■ ACTIVITY: Beginning with the line containing "UAV Communications for" and ending with the line containing "Přední část je", write out each line of the records below exactly; pictures and lines outside that range are left out.

[Excerpts from a dataset]
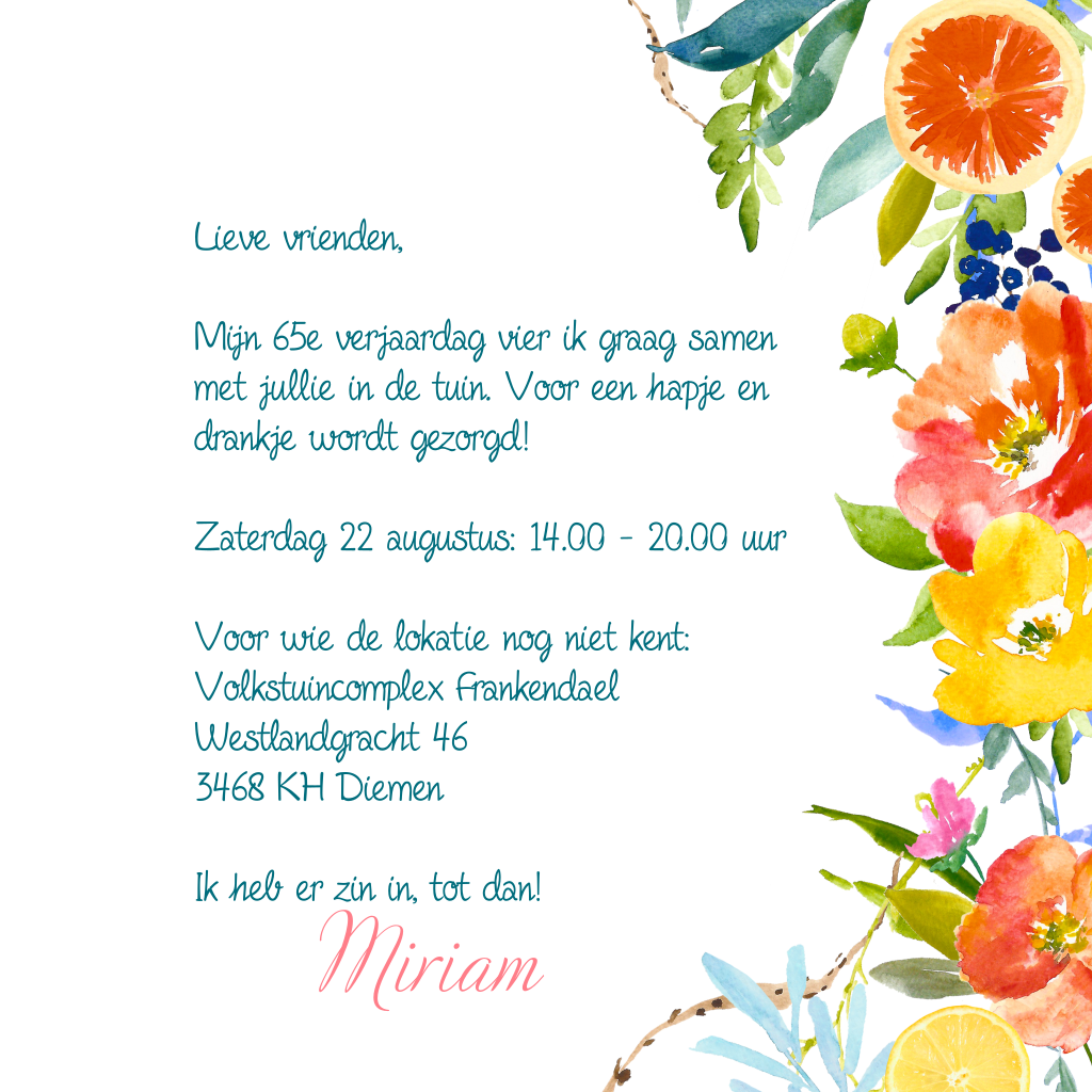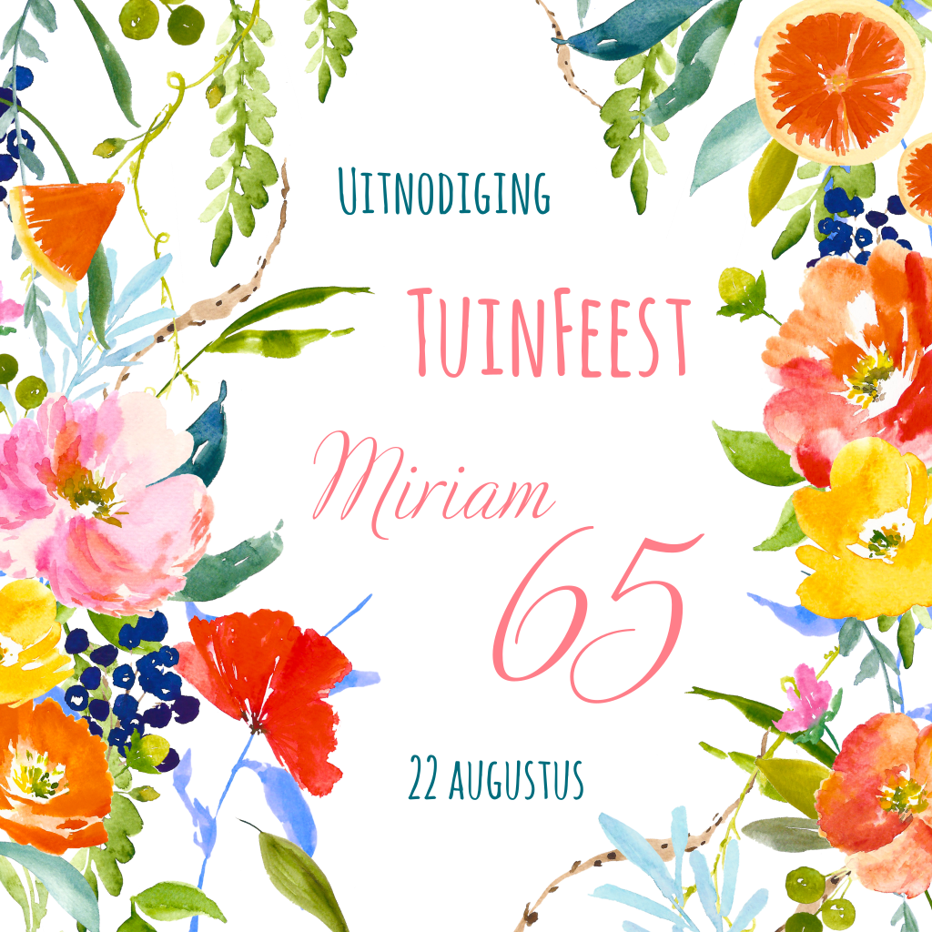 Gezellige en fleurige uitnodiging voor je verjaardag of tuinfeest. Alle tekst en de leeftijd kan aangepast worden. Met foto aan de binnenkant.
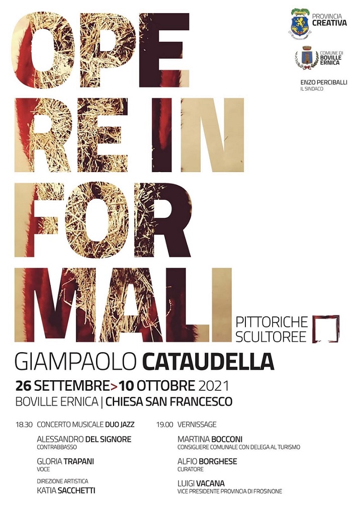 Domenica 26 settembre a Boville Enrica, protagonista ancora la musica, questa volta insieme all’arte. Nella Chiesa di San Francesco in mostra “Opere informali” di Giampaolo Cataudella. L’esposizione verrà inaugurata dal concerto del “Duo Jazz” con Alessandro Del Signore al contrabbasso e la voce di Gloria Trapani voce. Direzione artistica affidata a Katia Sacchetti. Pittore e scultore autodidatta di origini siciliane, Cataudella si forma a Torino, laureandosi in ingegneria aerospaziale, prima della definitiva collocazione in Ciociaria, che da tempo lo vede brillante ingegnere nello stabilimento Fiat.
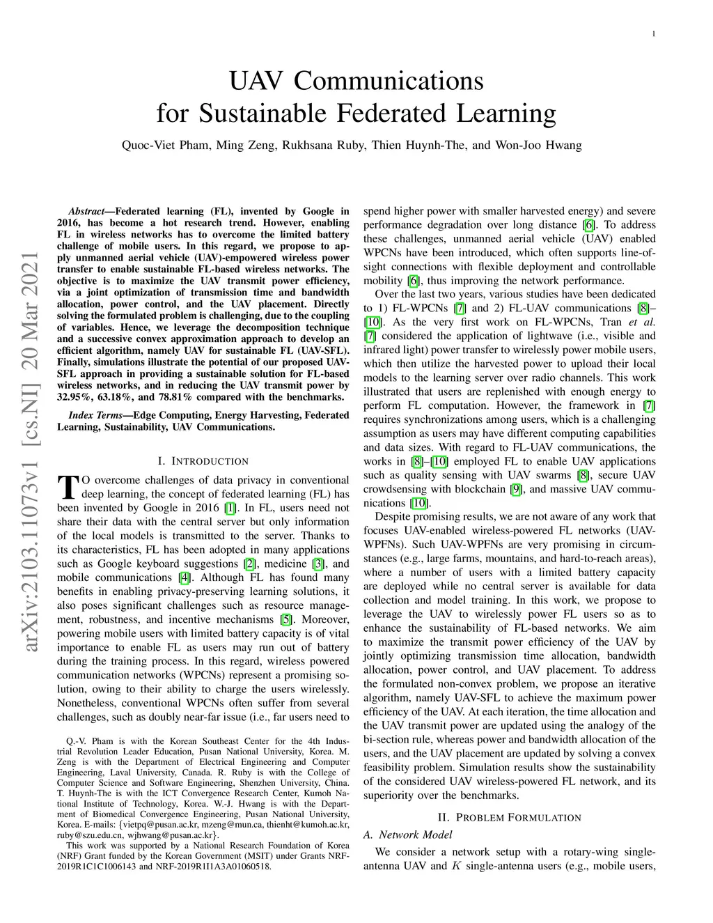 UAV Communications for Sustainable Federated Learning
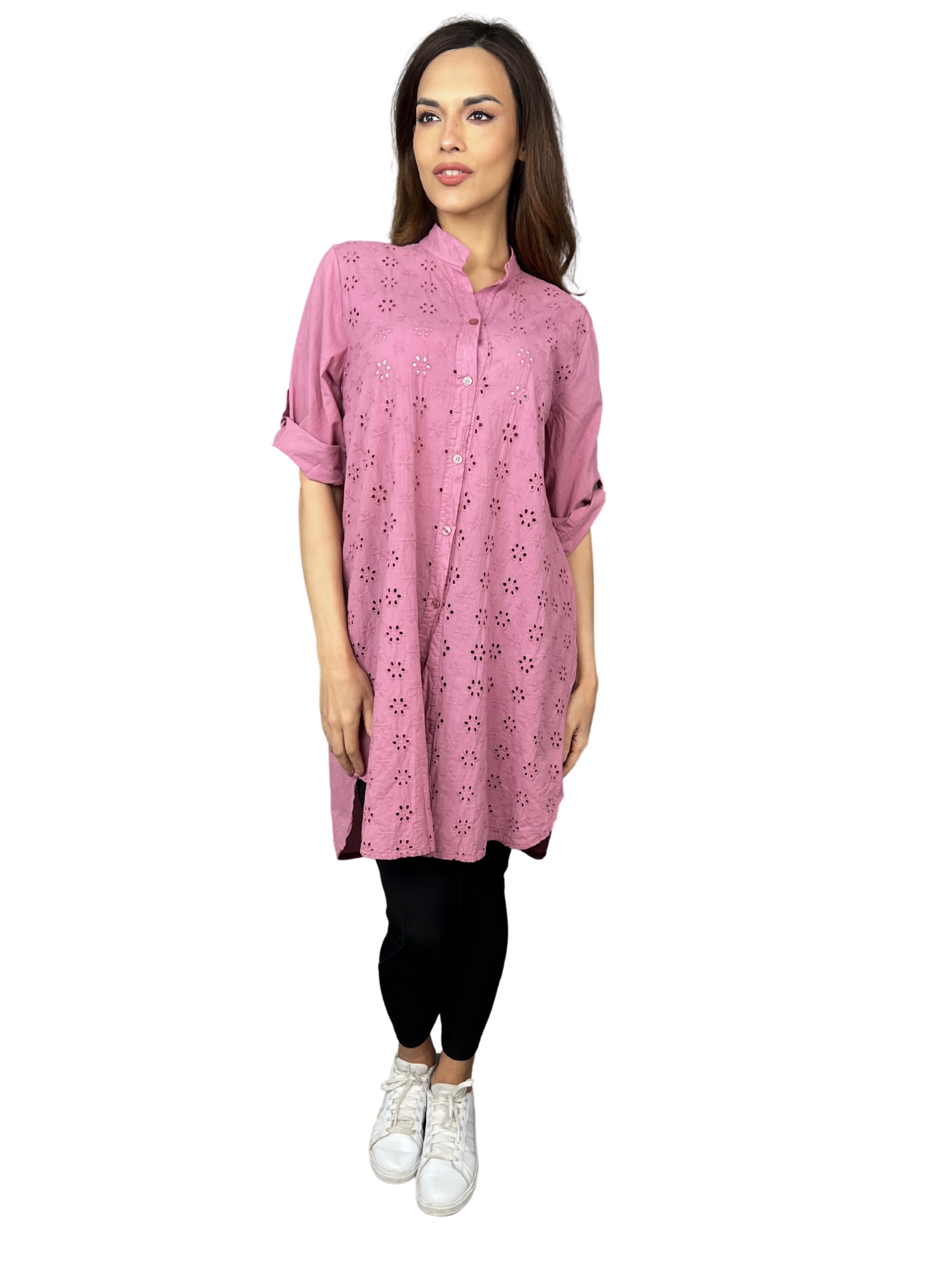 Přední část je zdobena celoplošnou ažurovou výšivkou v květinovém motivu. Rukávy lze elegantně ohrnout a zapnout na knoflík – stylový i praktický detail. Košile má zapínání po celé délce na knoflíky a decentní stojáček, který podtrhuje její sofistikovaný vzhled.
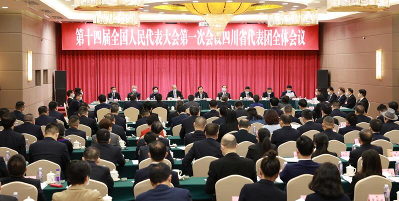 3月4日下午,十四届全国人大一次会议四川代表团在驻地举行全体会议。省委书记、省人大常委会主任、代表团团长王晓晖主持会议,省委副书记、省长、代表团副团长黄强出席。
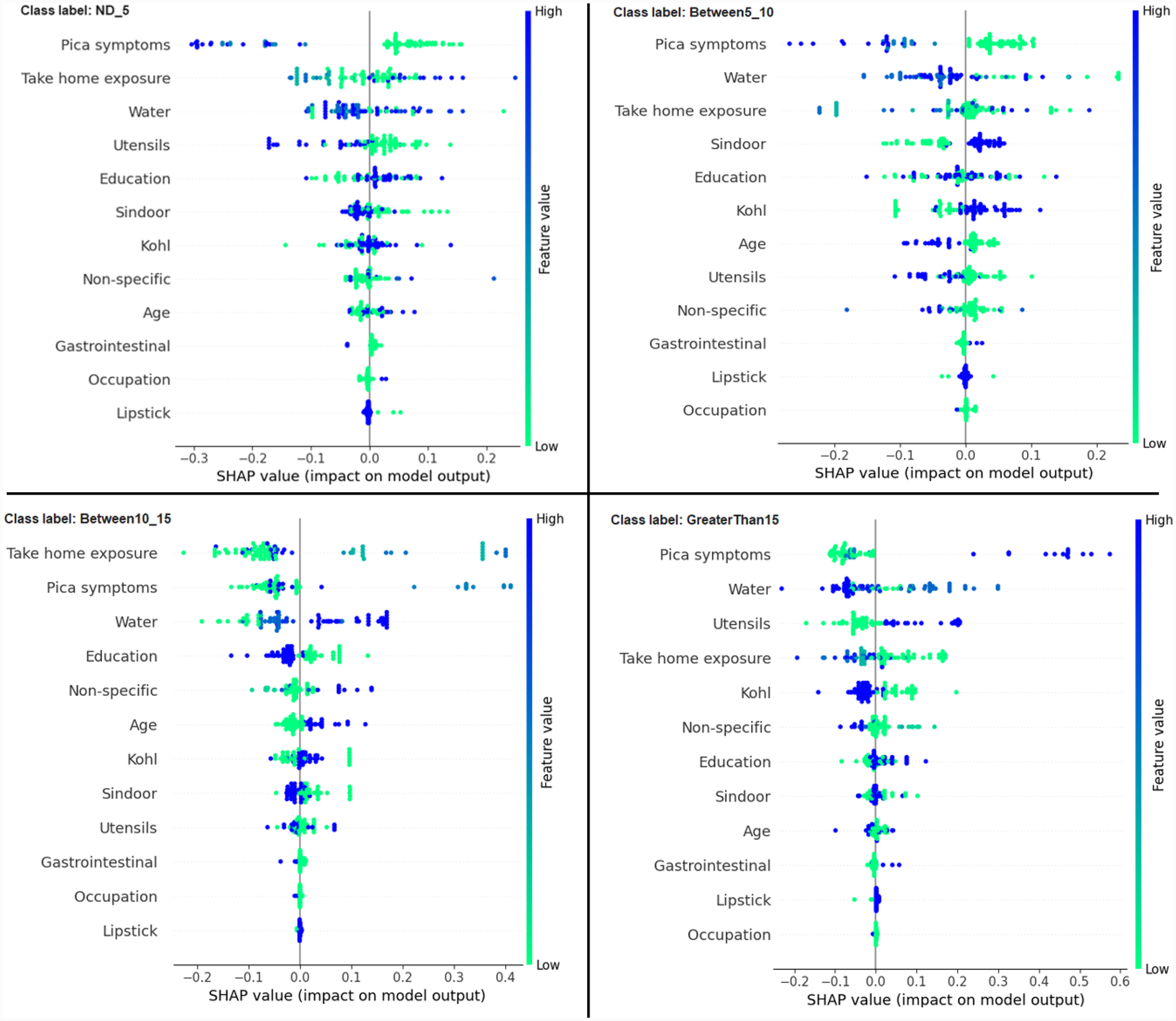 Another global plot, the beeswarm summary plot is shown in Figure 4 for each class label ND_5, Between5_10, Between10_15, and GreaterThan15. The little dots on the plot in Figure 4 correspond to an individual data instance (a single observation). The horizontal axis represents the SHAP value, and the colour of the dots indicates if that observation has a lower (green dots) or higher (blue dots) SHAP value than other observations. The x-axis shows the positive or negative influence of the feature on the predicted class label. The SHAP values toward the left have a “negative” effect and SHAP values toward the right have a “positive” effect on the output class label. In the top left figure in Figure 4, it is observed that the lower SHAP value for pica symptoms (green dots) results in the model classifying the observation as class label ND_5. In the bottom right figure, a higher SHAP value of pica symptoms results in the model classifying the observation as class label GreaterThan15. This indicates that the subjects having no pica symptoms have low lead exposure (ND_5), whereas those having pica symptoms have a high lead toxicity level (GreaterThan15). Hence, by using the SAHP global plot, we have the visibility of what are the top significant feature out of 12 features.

■ YOUR SOLUTION:
 UAV Communications for Sustainable Federated Learning
 Přední část je zdobena celoplošnou ažurovou výšivkou v květinovém motivu. Rukávy lze elegantně ohrnout a zapnout na knoflík – stylový i praktický detail. Košile má zapínání po celé délce na knoflíky a decentní stojáček, který podtrhuje její sofistikovaný vzhled.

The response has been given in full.